Sunday, August 26, 2007

When the Jury is Prevented from Knowing the Law

How can justice be served when the jury is prevented from knowing the defendants side of the story? Even more unconscionable is when the law is on their side and the judge prevents the jury from hearing that information. Newreview.com takes a look at a federal marijuana case and includes an honest nullification discussion:
He was less generous whenever the defense tried to bring in what they felt was at the heart of the case: Proposition 215 and the fact that the people of California had rejected federal law and adopted their own medical-marijuana law.
He also struck legitimate considerations:
Indeed, Judge Damrell told Serra he had “crossed the line” after Serra asked the jury to consider that the case was biased, a political prosecution emanating from Washington, D.C. Such bias, he said, constituted reasonable doubt.
The couple was convicted in less than three hours and will appeal.

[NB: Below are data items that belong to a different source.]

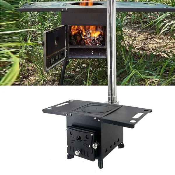 CDZHLTG Réchauds de Tente Camping Poêle à Bois Portable, Pliable Stove pour Chauffage et Cuisine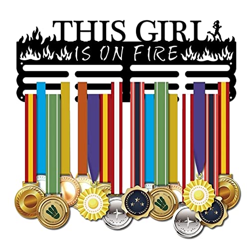 SUPERDANT This Girl is on Fire Medaljhållare löparmedaljer visa svarta järn väggmonterade krokar personlig medaljhållare för löpning medalj vägghängd present för löpning flicka kapacitet ca 10–15 kg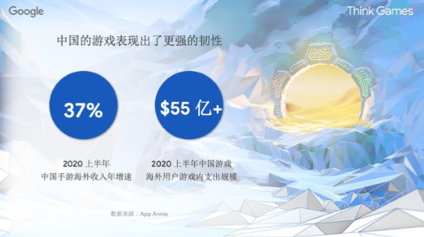 不过,在这样一个特殊的年份,Google谷歌中国大客户部游戏行业副总裁邓辉表示,中国的游戏公司和开发者表现出了更强的韧性。App Annie数据显示,跟全球手游大盘相比,中国手游在海外市场2020年上半年的收入年增长达到37%,收入规模超过55亿美元。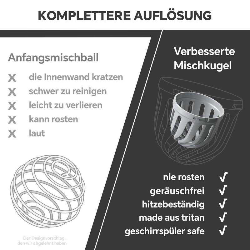 - Perfect mixing technology: the stainless steel shaker impresses with a precision-developed mixing system: removable mixing agitator and heat-resistant Tritan mixing ball (food-safe) crush powder quickly and completely silently. Ideal for protein shakes and nutrient drinks without lumps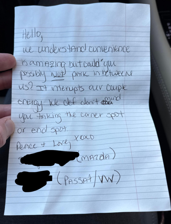"Привіт. Ми розуміємо, що зручність — це прекрасно, але чи могли б ви не паркуватися між нами? Це порушує нашу парну енергію. Ми зовсім не проти, якщо ви займете кутове чи крайове місце. Мир і любов", — йдеться в тексті записки.

The penalties are absurdly harsh, and enough by themselves to cause any thinking man to nullify:
The defense says there were never 100 plants at any one time. Remember, the DEA only found 34 when they raided the couple’s home, which they argue is consistent with the “reasonable personal use” provisions of Proposition 215. But federal law allows the jury to add up all the plants that were grown “over the course of the conspiracy,” in this case three years.